====== Data extract

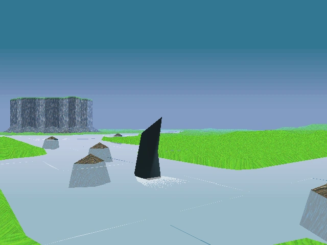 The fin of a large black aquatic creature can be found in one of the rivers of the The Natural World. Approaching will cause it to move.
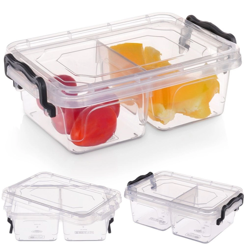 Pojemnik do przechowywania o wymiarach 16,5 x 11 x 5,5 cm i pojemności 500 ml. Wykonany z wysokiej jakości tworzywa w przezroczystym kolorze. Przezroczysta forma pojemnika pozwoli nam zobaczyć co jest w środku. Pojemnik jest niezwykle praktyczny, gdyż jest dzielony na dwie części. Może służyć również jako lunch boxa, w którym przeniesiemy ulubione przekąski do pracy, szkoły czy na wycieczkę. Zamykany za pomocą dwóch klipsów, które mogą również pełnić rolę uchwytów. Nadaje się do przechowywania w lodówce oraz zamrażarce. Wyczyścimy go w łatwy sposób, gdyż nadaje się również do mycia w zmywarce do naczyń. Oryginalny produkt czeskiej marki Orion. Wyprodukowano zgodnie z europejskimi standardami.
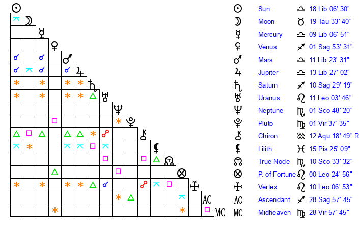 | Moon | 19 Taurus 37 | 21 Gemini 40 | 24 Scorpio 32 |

============
====== Data extract

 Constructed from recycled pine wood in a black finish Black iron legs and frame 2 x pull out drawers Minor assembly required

============

**Try it**: Return word for word the lines of the listing above, starting at the line with "The fin of a" and ending at the line with "Scorpio 32 |", both included. Pictures do not belong in the copy.

**Completed task**:
 The fin of a large black aquatic creature can be found in one of the rivers of the The Natural World. Approaching will cause it to move.
 Pojemnik do przechowywania o wymiarach 16,5 x 11 x 5,5 cm i pojemności 500 ml. Wykonany z wysokiej jakości tworzywa w przezroczystym kolorze. Przezroczysta forma pojemnika pozwoli nam zobaczyć co jest w środku. Pojemnik jest niezwykle praktyczny, gdyż jest dzielony na dwie części. Może służyć również jako lunch boxa, w którym przeniesiemy ulubione przekąski do pracy, szkoły czy na wycieczkę. Zamykany za pomocą dwóch klipsów, które mogą również pełnić rolę uchwytów. Nadaje się do przechowywania w lodówce oraz zamrażarce. Wyczyścimy go w łatwy sposób, gdyż nadaje się również do mycia w zmywarce do naczyń. Oryginalny produkt czeskiej marki Orion. Wyprodukowano zgodnie z europejskimi standardami.
 | Moon | 19 Taurus 37 | 21 Gemini 40 | 24 Scorpio 32 |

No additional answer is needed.